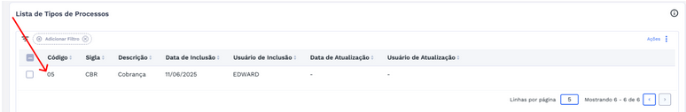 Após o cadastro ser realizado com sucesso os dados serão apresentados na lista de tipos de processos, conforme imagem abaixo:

—————

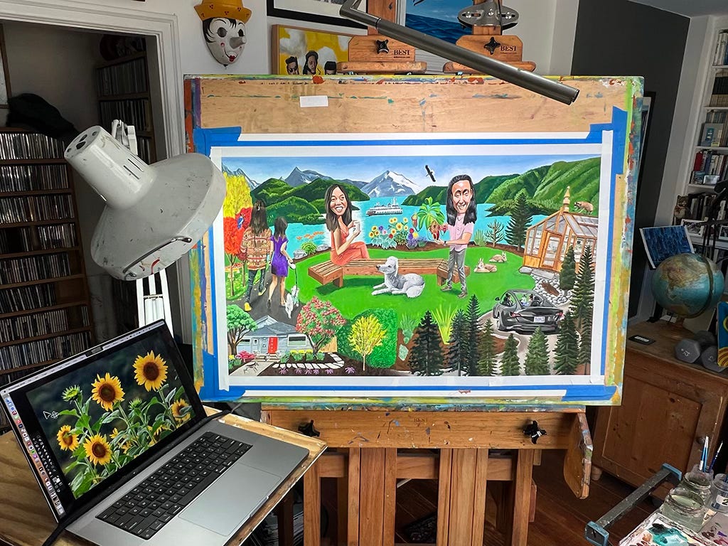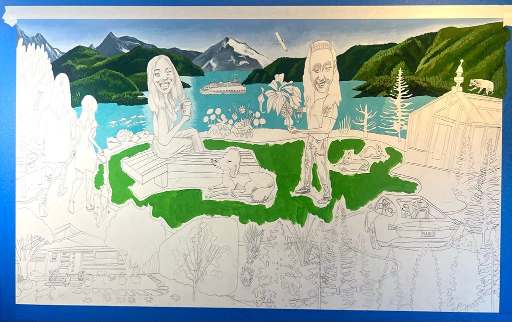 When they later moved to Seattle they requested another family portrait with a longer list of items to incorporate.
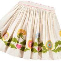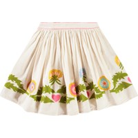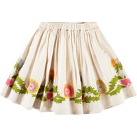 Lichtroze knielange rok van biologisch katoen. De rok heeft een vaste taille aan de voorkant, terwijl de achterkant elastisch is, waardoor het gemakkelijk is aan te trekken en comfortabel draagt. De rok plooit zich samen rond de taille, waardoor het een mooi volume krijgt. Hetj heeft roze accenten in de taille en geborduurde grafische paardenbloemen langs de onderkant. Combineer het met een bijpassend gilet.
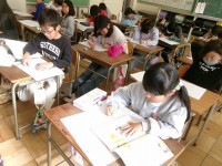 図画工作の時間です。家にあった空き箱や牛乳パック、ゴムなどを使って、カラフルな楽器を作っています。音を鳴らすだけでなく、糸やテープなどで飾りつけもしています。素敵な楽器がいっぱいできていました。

—————

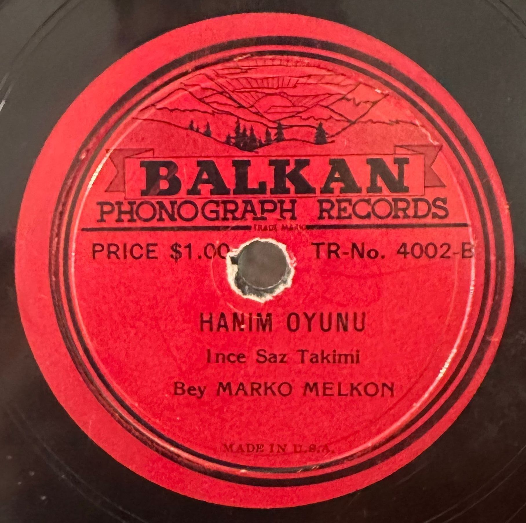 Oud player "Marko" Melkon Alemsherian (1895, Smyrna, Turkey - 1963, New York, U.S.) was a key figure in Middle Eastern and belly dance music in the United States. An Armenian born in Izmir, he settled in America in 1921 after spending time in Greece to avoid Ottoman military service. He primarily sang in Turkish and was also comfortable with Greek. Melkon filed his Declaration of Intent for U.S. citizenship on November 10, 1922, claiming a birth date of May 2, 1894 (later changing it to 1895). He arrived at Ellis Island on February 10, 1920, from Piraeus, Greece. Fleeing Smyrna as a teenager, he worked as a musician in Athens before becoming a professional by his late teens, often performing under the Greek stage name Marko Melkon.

—————

WORK REQUEST -
Reproduce word for word, with pictures dropped, only the part of the material above that opens with the line containing "When they later" and closes with the line containing "図画工作の時間です。家にあっ".

SOLUTION FOR THIS EXERCISE -
 When they later moved to Seattle they requested another family portrait with a longer list of items to incorporate.
 Lichtroze knielange rok van biologisch katoen. De rok heeft een vaste taille aan de voorkant, terwijl de achterkant elastisch is, waardoor het gemakkelijk is aan te trekken en comfortabel draagt. De rok plooit zich samen rond de taille, waardoor het een mooi volume krijgt. Hetj heeft roze accenten in de taille en geborduurde grafische paardenbloemen langs de onderkant. Combineer het met een bijpassend gilet.
 図画工作の時間です。家にあった空き箱や牛乳パック、ゴムなどを使って、カラフルな楽器を作っています。音を鳴らすだけでなく、糸やテープなどで飾りつけもしています。素敵な楽器がいっぱいできていました。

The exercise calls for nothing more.